La pobreza, la precariedad, el hambre y la soledad no se pueden esconder, son parte de, pero Pepo aprendió que con estas conviven la bondad y la voluntad pero, sobre todo, la dignidad del ser humano.

 

 

Era la primera vez que se daba cuenta de lo que significaba su labor en Payasos Sin Fronteras, una fundación sin ánimo de lucro que viaja por los países más pobres, o inmersos en conflictos armados, que no permiten el desarrollo de la utópica felicidad.

 

 

“Cuando me contaron de Payasos Sin Fronteras no dudé un instante en unirme al proyecto”, cuenta este actor de 52 años, de los cuales ha dedicado 18 a su vida como clown.

 

 

Con olor a un licor dulce que sale de su boca y sonrojado por los tragos que se ha tomado después de la celebración del 29 cumpleaños de su hija, Pepo cuenta con alegría la satisfacción que le ofrece un proyecto que fue osado desde su inicio.

 

 

En 1993, en Barcelona, el payaso Tortell Poltrona fue contactado por Educadores Sin Fronteras y le propusieron viajar a los Balcanes en plena guerra. Se presentó.

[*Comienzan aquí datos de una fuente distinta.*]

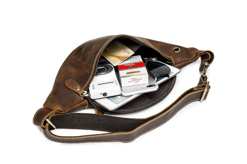 Brown Leather Fanny Pack Men's Chest Bag Leather Hip Pack Leather Waist Bag For Men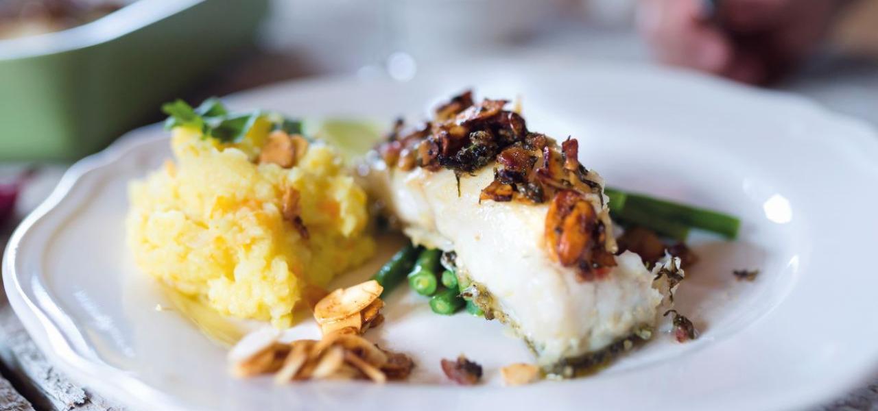 Zanderfilet mit Oliven-Polentacreme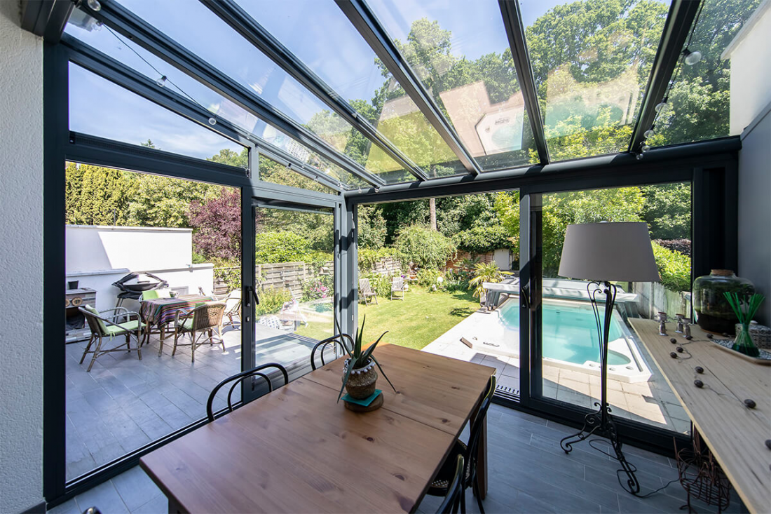 SUNLIGHT è un giardino d’inverno, una stanza outdoor studiata per ridisegnare gli spazi esterni in perfetta simbiosi con l’ambiente circostante, donando un nuovo senso di ampiezza e rivoluzionando il concetto di comfort e luce naturale in qualsiasi stagione dell’anno. SUNLIGHT può essere integrata con molteplici tipologie di chiusure, vetrate scorrevoli Line Glass a 3 vie o con il sistema di tende a caduta verticali Vertika Sunlight. La novita? principale di Sunlight consiste nel tetto in vetro stratificato da 10 mm composto da traversi porta vetro a passo realizzati in alluminio che lasciano ampia superficie alla parte vetrata, disponibile in due diverse finiture trasparente o bianco opaco. Una soluzione che regala luminosita? e leggerezza costruttiva all’ambiente. Disponibile in forma autoportante o addossata si presta ad essere inserita in spazi di forme diverse, coprendo metrature importanti, e con un impatto estetico minimale. È prevista la possibilità di illuminare il prodotto internamente grazie ad un sistema di strip led dimmerabili integrati rendendo il prodotto fruibile in ogni momento della giornata.

Al terminar su función un niño se le acercó para contarle que tenía un amigo de risa escasa… Un niño croata que vivía en un campo de refugiados al que le gustaría regalarle de cumpleaños un payaso.

 

 

Se trataba de uno de los niños que hacía parte del programa de intercambio epistolar, en el que los niños compartían experiencias, en medio del arrasador conflicto de los Balcanes.

 

 

“Poltrona quedó perplejo. Un intercambio de cartas no le parecía suficiente. Decidió reunir a un grupo de payasos españoles e irse en su furgoneta hasta los Balcanes para allí hacer un espectáculo imborrable para la mente de esos niños”, cuenta Pepo Rueda.

 

 

Así nació Payasos Sin Fronteras. Un proyecto que ha pasado duros momentos con la coyuntura actual económica, pero que gracias a los socios y a algunas empresas privadas se mantiene firme en la necesidad de aliviar el dolor en medio de un conflicto.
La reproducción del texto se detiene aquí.